Why does this matter? Well, if you poke around you’ll see that Carlyle was reviled for much of the 20th century as the illiberal “prophet of fascism.” Oh and then there’s this:

In his waning days, defeated and surrounded only by loyalists in his bunker, Hitler sought consolation from the literature he admired the most. According to many biographers, the following scene took place. Hitler turned to Goebbels, his trusted assistant, and asked for a final reading. The words he chose to hear before his death were from Thomas Carlyle’s biography of Frederick the Great.

Now to be fair to Carlyle, like a lot of influential intellectuals, he was a lot more complex and nuanced than his critics make him out to be.
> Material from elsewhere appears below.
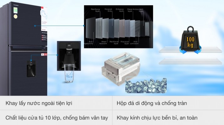 Bạn có thể lấy nước phía bên ngoài cửa tủ lạnh Toshiba GR-RT395WE-PMV(06)-MG, thao tác tiện lợi mà không cần phải mở cửa, giúp bạn thưởng thức được ngay ly nước lọc mát lạnh trong những ngày trời oi bức. Bình chứa nước làm từ chất liệu nhựa an toàn HIPS theo tiêu chuẩn của châu Âu.
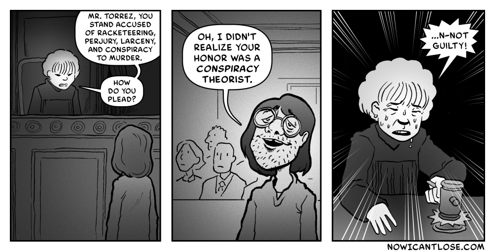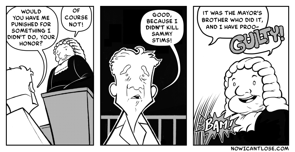 Middle of July now. Bet you thought it was still June. Sorry, but it’s not. Want more comics set in a courtroom? I’ve got a bunch of those. Not really sure why, because I rarely participate in the legal system.[…]↓ Read the rest of this entry…

He’s probably better known as the originator of the “great man of history” theory than for his supposed fascism, though a lot of people contentiously argue that the former leads to the latter. His reputation has been rehabbed somewhat since the mid-20th century when he was more reviled, but he’s exactly the kind of figure that woke academics extend almost no grace toward. (And that’s without even getting into his 19th century views on race.)

Anyway, the long and short of it is that, while Kamala Harris was graciously conceding her electoral loss to a man she had insincerely warned was dangerous fascist, she tried to soothe her supporter’s souls by, however inadvertently, quoting one of Hitler’s favorite historians. Absolute perfection.

It’s great to see the final episode of HBO’s Veep go out on such a brilliantly satiric note.